Iptacopan (Fabhalta) has demonstrated a clinically meaningful reduction in proteinuria in patients with IgA nephropathy, according to interim results from the phase III APPLAUSE-IgAN study. The trial's findings, presented at the American Society of Nephrology Kidney Week meeting, suggest a potential new treatment avenue for this rare kidney disorder.
The study, which included an initial cohort of 250 randomized patients, revealed that iptacopan led to a 38.3% reduction (95% CI 26.0-48.6, P < 0.001) in the adjusted geometric mean 24-hour urinary protein-to-creatinine ratio (UPCR) compared to placebo at month 9. Dana V. Rizk, MD, of the University of Alabama at Birmingham, highlighted that this reduction is likely to translate to important clinical benefits for kidney function. The results were simultaneously published in the New England Journal of Medicine.
Complement Pathway Biomarker Changes
Further analysis of the data showed significant changes in complement pathway biomarkers. Urinary sC5b-9 levels, a marker of complement activation in the kidneys, decreased by a median of 97.6% in the iptacopan arm, reaching levels comparable to those in healthy volunteers. In contrast, the placebo group saw a median increase of 47% by month 9. Plasma sC5b-9 also decreased with iptacopan (-17.2% vs -2.1% with placebo), while C4 serum levels remained relatively stable in both groups (-2% vs -3.8%, respectively).
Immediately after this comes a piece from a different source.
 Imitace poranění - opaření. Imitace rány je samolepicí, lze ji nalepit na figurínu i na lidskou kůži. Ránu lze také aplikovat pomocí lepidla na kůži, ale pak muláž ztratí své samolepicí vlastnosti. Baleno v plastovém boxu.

These changes are consistent with the drug's mechanism of action as a selective alternative pathway inhibitor. Specifically, the study reported the following median changes from baseline:
- Bb plasma: -21.1% with iptacopan vs 2.1% with placebo
- Wieslab serum: -89.4% vs 0%
- C3 serum: 16.4% vs -4.3%
Accelerated Approval and Future Considerations
Iptacopan received accelerated FDA approval in August 2024 as the first complement inhibitor indicated to reduce proteinuria in adults with IgA nephropathy at risk of rapid progression (UPCR of 1.5 g/g or above). The drug functions by inhibiting factor B in the alternative complement pathway.
Julie R. Ingelfinger, MD, NEJM deputy editor, noted that while the initial results are promising, it remains to be seen whether iptacopan can slow or halt the decline of kidney function in these patients. Data on the estimated glomerular filtration rate (eGFR) at the trial's completion in 2025 will be crucial for traditional approval.
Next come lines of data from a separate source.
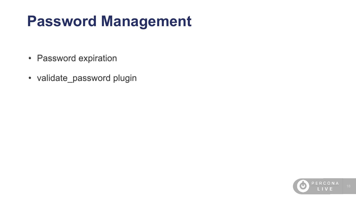 18 .Password Management • Password expiration • validate_password plugin 18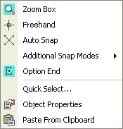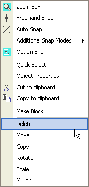Right clicking with the mouse (or Graphic pen equivalent) produces the context menu. The idea of this menu is to improve the speed of editing a drawing by providing the main editing tools as required. The term context means that depending on what you are doing will depend what options you are presented with.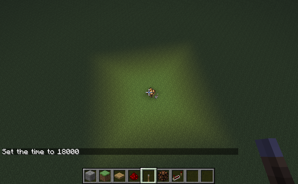 Make a superflat world, set time to 18000, place a Redstone lamp and power it with a lever (because Redstone torches make light and buttons don't constantly power them) and reload the world by saving and quitting and starting the world again.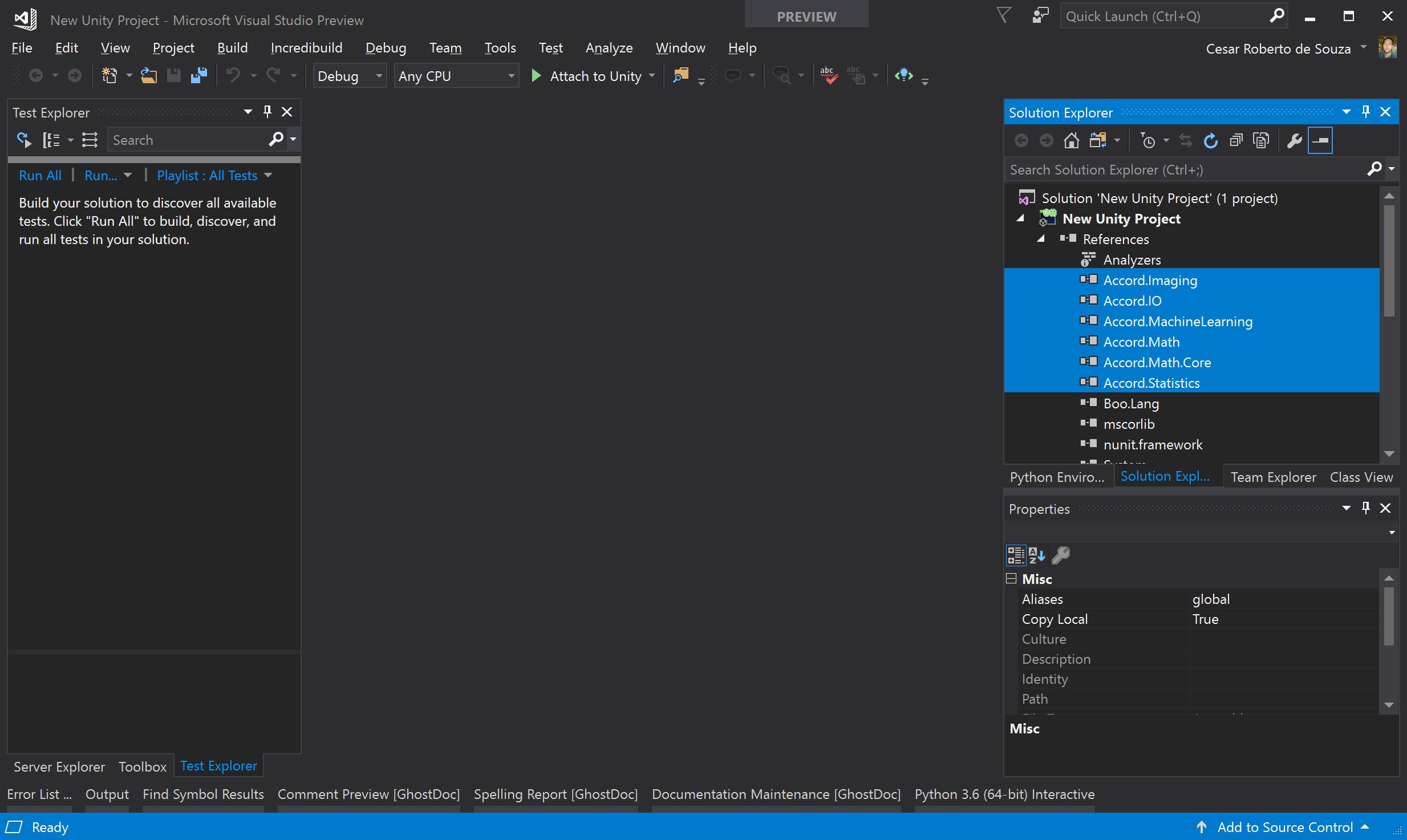 Alternatively, you can also download a pre-existing Unity sample application that already comes with the Accord.NET Framework installed and configured and that you will be able to use as a base for your new projects.

The interim analysis included the first 250 patients from the main trial, which comprised 222 patients in the iptacopan group and 221 in the placebo group. Patients received 200 mg of oral iptacopan or placebo twice daily for 24 months, alongside supportive therapy. The average age of participants was 39, with 47.6% being women and 51.2% from Asia. The average eGFR was 62.7±26.0 mL/min/1.73 m2 in the iptacopan group and 65.5±26.7 mL/min/1.73 m2 in the placebo group. The median 24-hour UPCR was 1.81 in the iptacopan group and 1.87 in the placebo group.
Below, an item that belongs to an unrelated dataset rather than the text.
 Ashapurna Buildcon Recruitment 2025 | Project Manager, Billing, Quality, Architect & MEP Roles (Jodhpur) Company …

Additional Findings and Safety Profile
The study also found that hematuria was no longer present at month 9 in 38.7% of the iptacopan group compared to 16.3% of the placebo group. Subgroup analyses showed consistent treatment effects across various stratifications, including sex, geographic region, baseline UPCR and eGFR, SGLT2 inhibitor use, hematuria level, MEST-C score, and prior use of glucocorticoids or immunosuppressants.
The rates of severe adverse events (AEs) and AEs leading to discontinuation were similar between the two groups (3.2% vs 3.2% and 2.7% vs 2.7%, respectively). The most common AEs in the iptacopan group included COVID-19 infection (14%), upper respiratory tract infection (9%), nasopharyngitis (5%), headache (4.1%), and hypertension (1.8%). No deaths or meningococcal infections were reported in either group.
The iptacopan label includes a boxed warning about an increased risk of infections caused by encapsulated bacteria, such as Streptococcus pneumoniae, Neisseria meningitidis, and Haemophilus influenzae type b. Patients are advised to be up to date on their vaccinations for these bacteria at least 2 weeks before starting treatment.